Perryman’s Halo devices, which look like angel hair pasta and are so small they can be injected into a nerve, took four years to get U.S. approval under other names for easing leg and back pain.
She hopes a spot on the FDA program will see Halo approved within a year as an alternative to opioids, which are currently used to treat an estimated 50 percent of patients who come to emergency rooms with migraines.
“This is kind of perfect for something like ours...since the device is shown to be safe already,” said Perryman, who founded privately-held Stimwave in South Florida seven years ago.
The FDA has been increasingly reluctant to greenlight new opioids for market but earlier this month approved a potent opioid-based painkiller from AcelRx Pharmaceuticals Inc placing tight restrictions on its distribution and use. In a rare move, Gottlieb made a public statement at the time, explaining the decision.
The regulator’s push for alternatives to opioids has helped drive interest from venture capital funds and institutional investors this year in firms promising to develop alternatives, according to interviews with device companies, financial services firms and brokerage Cowen & Co.
For example, privately-held Virpax Pharmaceuticals, which makes an aerosol spray that delivers a non-opioid pain drug, said it had four or five banks interested in running its Series A investment round this summer versus just one in the past.

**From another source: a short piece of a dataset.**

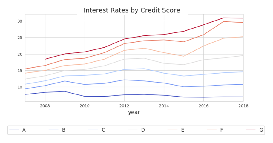 전체적으로 평균 이자율이 높아지는 것을 확인할 수 있습니다. 이자율이 높아진 다는 것이 상당히 흥미로운 부분입니다.

Abbott, like rivals Boston Scientific Corp and Nevro Corp, makes neuromodulation implants which stimulate the nervous system to mask pain signals before they reach the brain.
Abbott has submitted an entry for the competition in the hope it will slash waiting times, which often stretch several months just to get an initial meeting, according to Dr. Allen Burton, Abbott’s medical director of neuromodulation.
“Devices that are part of this (program) will be streamlined... their meeting will go to the top of the pile,” said Burton.
While neuromodulation is only a small part of Abbott’s large medical device business, the unit is seen as a growth engine for the company. Burton estimates between 10-to-20 percent of the growth Abbott has seen in its neuromodulation business could be tied to doctors prescribing its devices for pain after surgery or from injury to patients that are opioid averse.
Boston Scientific did not apply for the contest, but the company is investing “heavily” in its neuromodulation unit, which was its fastest-growing at nearly 23 percent in the latest quarter, according to Maulik Nanavaty, senior vice president at the device maker.
“We continue to make external investments in early (neuromodulation) technology,” he told Reuters.
To be sure, these devices are not seen as a silver bullet for opioid addiction. Nirad Jain, a partner at consulting firm Bain & Co, believes many of the solutions on the table are just tinkering at the edges of a problem that needs to be solved by doctors simply settling for fewer or less potent opioids.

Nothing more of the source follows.